Communication Interface:

Uses protocols like ISO/IEC 7816 (physical communication with the device) and APDU commands for data exchange. (Refer to this note for further details)

Operating System in UICC ?

The operating system in a UICC is a specialized, embedded OS that manages secure access, file handling, and communication between the UICC and external devices like mobile phones. It handles data encryption, authentication processes, and execution of applications (e.g., USIM, ISIM).

File System

The file system of a UICC is organized in a hierarchical structure to manage various types of data and applications. It consists of the following:

  • Master File (MF): Acts as the root of the file structure. It contains all other files and directories, providing access to the entire UICC system.
  • Dedicated Files (DF): These function like subdirectories, each dedicated to a specific application or function. For instance:
    • DF_TELECOM: Manages user data like phonebook entries and SMS.
    • DF_GSM or DF_UMTS: Holds network-specific data for 2G/3G services.
  • Elementary Files (EF): These are the actual data containers and can store various types of information. Some of the examples are (For further details about EF files, refer to this note) :
    • IMSI (International Mobile Subscriber Identity): A unique identifier for the user.
    • Authentication Keys: For network authentication and encryption.
    • Contacts and SMS: Stores phonebook entries, messages, and user preferences.
    • Network Configuration Files: Includes information like PLMN lists (preferred and forbidden networks).

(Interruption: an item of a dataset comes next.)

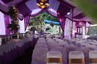 RESEPSI. Acara kedua dari rangkaian acara hari itu. Di penuhi dengan nuansa ungu, yang memang warnai yang kusukai. Percaya gak percaya….hari itu saya sangat puas dengan pelayanan dari ifoel salon. Saya suka warna ungu tendanya, saya suka tendanya, suka sama dekornya yang mana masjid yang semula sederhana disulap jadi indah. Dengan lapangan RW 24 yang biasa dibuat untuk olahraga disulap jadi suatu ruangan yang asik deh pokoknya. Walaupun ada miss sedikit, saat penganten masuk ruangan resepsi harusnya diiringi sama marawis, ternyata marawis nya udah pulang duluan. Tapi gak sedih-sedih banget, kembali ade (baca:Ria) menjadi pahlawan bagi saya, dia teringat dengan keinginan saya.
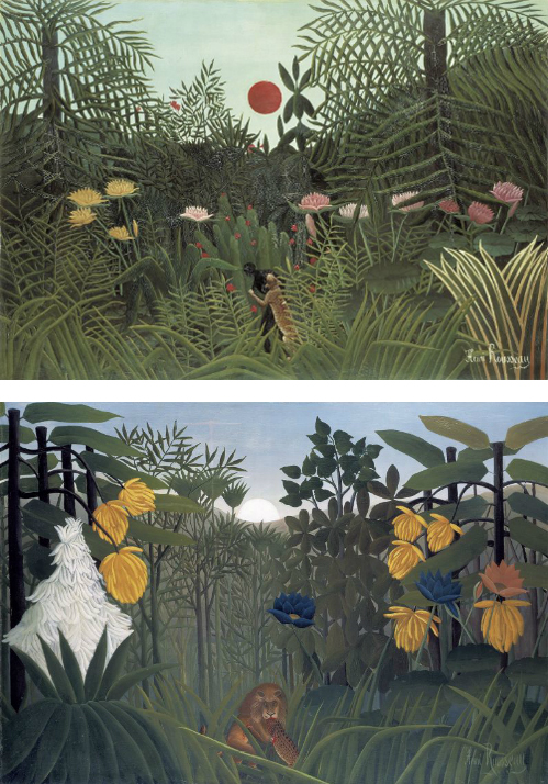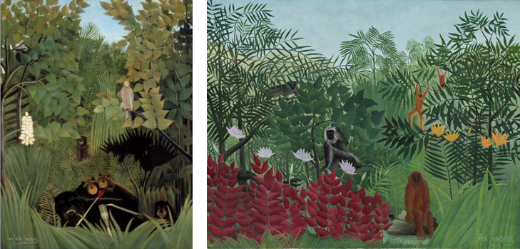(right) Tropical Forest with Monkeys, 1910, oil on canvas, John Hay Whitney Collection, 1982.76.7

The hierarchical structure of these files helps in organizing data for secure storage and efficient access, ensuring that each function or service has its designated area in the UICC's memory. This structured approach also simplifies the retrieval of specific information by applications like USIM, ISIM, or CSIM.

Boot Up Process

The UICC has a boot-up process for its operating system, which is initiated when the UICC is powered on by the mobile device. This boot-up process ensures that the UICC is ready to communicate with the mobile device, allowing secure interactions between the device and the network.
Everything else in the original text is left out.